Assigned task => Restate exactly, and only, the lines from the one containing "Ein für die" through the end of the entries, keeping both endpoints.
--------------------
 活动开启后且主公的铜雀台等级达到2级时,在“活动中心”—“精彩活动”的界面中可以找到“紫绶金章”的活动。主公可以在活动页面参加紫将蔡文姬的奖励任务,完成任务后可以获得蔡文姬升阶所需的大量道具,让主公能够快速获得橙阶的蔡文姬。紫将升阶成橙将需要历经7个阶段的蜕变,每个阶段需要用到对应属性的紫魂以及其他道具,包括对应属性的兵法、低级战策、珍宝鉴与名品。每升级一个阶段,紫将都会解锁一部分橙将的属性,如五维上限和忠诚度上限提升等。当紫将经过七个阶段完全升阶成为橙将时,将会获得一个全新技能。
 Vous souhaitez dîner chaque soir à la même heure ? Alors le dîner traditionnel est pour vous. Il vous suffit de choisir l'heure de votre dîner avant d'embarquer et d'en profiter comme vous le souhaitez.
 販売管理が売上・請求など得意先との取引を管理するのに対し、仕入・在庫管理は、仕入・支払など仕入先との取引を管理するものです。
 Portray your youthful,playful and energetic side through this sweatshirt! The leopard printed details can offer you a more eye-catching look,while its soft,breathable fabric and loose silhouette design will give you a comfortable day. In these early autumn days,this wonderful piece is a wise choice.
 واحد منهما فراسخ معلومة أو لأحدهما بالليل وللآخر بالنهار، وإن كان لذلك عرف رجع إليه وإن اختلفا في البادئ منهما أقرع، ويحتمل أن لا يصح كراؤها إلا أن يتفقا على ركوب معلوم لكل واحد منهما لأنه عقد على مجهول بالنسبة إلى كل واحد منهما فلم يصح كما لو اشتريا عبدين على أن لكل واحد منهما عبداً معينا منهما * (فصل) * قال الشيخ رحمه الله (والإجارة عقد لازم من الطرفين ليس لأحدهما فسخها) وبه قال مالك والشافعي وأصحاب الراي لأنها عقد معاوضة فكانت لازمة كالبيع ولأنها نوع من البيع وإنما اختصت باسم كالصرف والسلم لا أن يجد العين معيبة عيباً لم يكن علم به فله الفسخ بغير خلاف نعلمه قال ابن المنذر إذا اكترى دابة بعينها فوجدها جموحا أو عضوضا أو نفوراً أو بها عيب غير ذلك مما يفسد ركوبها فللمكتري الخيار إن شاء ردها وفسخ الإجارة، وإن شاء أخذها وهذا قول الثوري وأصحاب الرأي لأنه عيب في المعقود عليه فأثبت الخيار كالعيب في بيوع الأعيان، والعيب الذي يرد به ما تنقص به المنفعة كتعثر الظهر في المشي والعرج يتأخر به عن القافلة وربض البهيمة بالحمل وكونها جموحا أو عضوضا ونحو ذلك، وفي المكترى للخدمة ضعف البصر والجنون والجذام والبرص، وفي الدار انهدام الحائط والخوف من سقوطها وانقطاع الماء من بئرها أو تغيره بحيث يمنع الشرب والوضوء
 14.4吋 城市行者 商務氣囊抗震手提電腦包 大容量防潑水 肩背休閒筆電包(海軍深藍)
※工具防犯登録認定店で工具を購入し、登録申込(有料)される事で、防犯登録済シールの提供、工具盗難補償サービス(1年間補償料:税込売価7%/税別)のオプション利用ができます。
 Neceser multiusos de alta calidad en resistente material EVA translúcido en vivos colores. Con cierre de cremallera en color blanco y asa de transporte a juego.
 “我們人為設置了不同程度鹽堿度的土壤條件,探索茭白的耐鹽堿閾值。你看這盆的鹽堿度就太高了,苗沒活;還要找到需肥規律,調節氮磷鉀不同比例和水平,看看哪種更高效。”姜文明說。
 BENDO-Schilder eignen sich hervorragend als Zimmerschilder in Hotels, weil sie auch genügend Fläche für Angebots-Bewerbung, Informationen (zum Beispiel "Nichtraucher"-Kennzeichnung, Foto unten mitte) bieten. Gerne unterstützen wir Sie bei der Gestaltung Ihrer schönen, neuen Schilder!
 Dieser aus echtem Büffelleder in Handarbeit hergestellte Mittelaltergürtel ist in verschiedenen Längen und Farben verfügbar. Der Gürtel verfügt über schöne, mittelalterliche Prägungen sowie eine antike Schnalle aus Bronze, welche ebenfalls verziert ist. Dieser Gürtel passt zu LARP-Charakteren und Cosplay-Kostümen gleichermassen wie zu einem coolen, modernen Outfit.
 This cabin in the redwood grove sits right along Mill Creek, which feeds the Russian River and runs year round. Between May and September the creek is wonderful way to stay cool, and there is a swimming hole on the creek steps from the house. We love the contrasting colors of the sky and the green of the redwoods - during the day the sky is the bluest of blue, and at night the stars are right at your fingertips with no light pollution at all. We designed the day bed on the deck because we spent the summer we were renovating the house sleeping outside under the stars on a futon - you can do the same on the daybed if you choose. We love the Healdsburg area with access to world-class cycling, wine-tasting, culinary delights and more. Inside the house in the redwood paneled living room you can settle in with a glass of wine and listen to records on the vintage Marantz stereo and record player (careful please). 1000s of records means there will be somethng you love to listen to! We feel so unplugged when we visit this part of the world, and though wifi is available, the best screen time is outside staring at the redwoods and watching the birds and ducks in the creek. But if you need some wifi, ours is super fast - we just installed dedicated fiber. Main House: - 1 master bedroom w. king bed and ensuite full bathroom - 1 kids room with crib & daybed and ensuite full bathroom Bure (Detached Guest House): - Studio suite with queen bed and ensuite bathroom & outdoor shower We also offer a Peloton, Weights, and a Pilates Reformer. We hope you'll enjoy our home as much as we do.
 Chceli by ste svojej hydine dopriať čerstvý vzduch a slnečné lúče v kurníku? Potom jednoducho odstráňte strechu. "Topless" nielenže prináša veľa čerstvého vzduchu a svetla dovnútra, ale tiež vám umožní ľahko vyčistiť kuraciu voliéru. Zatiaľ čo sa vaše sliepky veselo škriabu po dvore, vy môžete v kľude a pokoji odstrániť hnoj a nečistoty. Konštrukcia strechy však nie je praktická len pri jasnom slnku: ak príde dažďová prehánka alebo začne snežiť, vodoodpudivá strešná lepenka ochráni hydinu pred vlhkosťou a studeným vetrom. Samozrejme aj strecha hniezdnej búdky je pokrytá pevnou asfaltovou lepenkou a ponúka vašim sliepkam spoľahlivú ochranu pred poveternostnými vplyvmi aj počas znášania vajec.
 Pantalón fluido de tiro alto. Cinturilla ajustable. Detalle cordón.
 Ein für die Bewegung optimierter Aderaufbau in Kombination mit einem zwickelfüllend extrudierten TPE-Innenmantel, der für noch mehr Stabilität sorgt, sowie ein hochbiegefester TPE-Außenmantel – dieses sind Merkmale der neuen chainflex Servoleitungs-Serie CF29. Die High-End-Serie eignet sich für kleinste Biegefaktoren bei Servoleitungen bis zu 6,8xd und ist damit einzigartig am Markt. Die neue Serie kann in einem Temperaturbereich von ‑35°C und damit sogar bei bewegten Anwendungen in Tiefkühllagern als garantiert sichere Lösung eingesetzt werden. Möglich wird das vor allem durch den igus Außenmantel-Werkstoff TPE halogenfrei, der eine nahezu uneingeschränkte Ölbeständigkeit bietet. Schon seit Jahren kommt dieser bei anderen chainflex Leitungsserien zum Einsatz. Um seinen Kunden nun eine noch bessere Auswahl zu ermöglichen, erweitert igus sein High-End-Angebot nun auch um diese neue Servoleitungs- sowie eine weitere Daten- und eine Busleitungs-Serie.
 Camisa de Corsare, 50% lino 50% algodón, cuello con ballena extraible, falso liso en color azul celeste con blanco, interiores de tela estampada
--------------------
Response for this exercise =>
 Ein für die Bewegung optimierter Aderaufbau in Kombination mit einem zwickelfüllend extrudierten TPE-Innenmantel, der für noch mehr Stabilität sorgt, sowie ein hochbiegefester TPE-Außenmantel – dieses sind Merkmale der neuen chainflex Servoleitungs-Serie CF29. Die High-End-Serie eignet sich für kleinste Biegefaktoren bei Servoleitungen bis zu 6,8xd und ist damit einzigartig am Markt. Die neue Serie kann in einem Temperaturbereich von ‑35°C und damit sogar bei bewegten Anwendungen in Tiefkühllagern als garantiert sichere Lösung eingesetzt werden. Möglich wird das vor allem durch den igus Außenmantel-Werkstoff TPE halogenfrei, der eine nahezu uneingeschränkte Ölbeständigkeit bietet. Schon seit Jahren kommt dieser bei anderen chainflex Leitungsserien zum Einsatz. Um seinen Kunden nun eine noch bessere Auswahl zu ermöglichen, erweitert igus sein High-End-Angebot nun auch um diese neue Servoleitungs- sowie eine weitere Daten- und eine Busleitungs-Serie.
 Camisa de Corsare, 50% lino 50% algodón, cuello con ballena extraible, falso liso en color azul celeste con blanco, interiores de tela estampada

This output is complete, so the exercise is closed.